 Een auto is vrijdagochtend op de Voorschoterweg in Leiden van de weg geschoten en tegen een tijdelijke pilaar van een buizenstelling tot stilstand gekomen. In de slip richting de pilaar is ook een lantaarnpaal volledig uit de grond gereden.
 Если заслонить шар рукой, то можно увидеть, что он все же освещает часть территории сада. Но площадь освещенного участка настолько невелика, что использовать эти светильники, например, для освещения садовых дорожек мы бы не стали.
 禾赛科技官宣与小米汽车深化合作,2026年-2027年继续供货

===

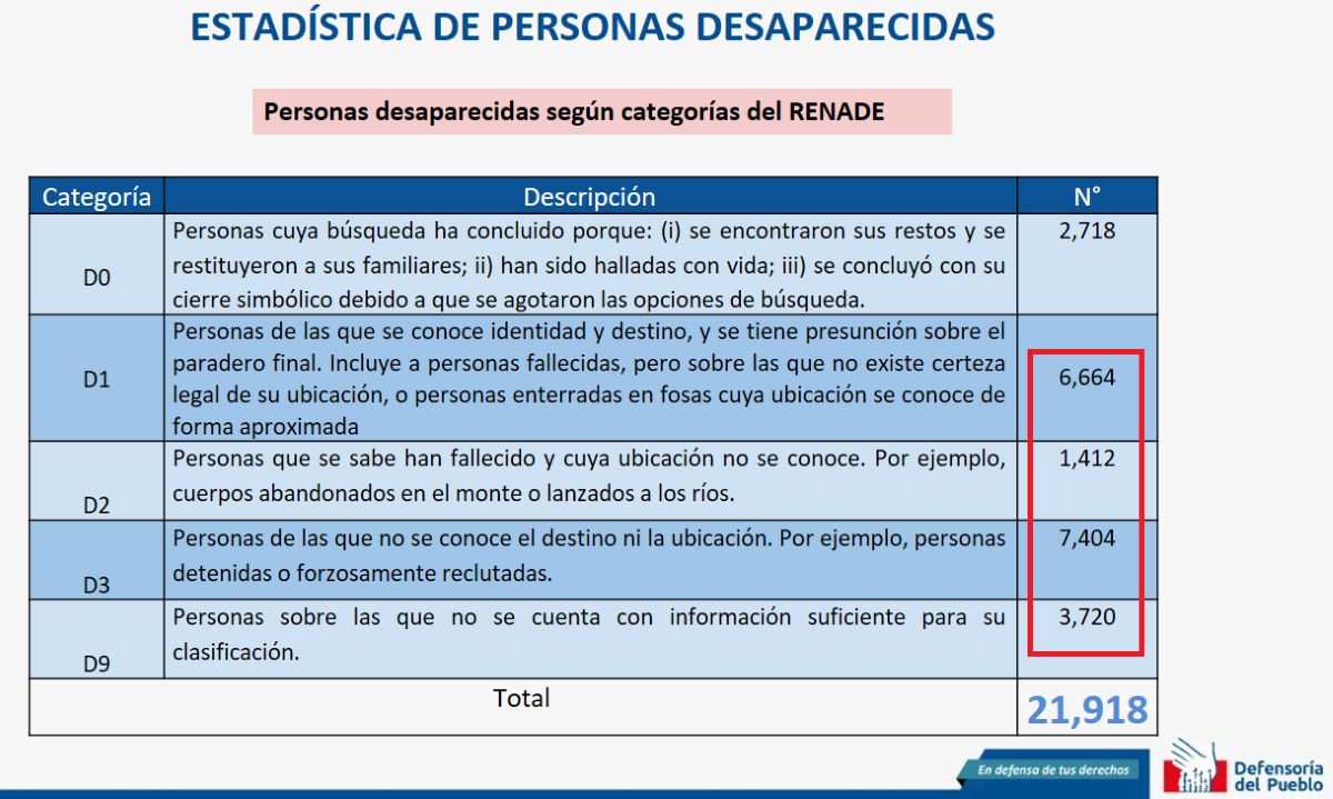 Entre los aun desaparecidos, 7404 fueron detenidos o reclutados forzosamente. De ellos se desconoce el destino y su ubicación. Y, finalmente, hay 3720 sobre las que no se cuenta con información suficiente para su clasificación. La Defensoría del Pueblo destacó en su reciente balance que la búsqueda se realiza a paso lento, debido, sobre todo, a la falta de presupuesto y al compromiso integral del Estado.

===

◆ **WORK ITEM**
The expected output is exactly the lines of the listing above between the line holding "Een auto is" and the line holding "禾赛科技官宣与小米汽车深化合作,2026年-2027年继续供货", inclusive.

◆ **ANSWER TO THIS EXERCISE**
 Een auto is vrijdagochtend op de Voorschoterweg in Leiden van de weg geschoten en tegen een tijdelijke pilaar van een buizenstelling tot stilstand gekomen. In de slip richting de pilaar is ook een lantaarnpaal volledig uit de grond gereden.
 Если заслонить шар рукой, то можно увидеть, что он все же освещает часть территории сада. Но площадь освещенного участка настолько невелика, что использовать эти светильники, например, для освещения садовых дорожек мы бы не стали.
 禾赛科技官宣与小米汽车深化合作,2026年-2027年继续供货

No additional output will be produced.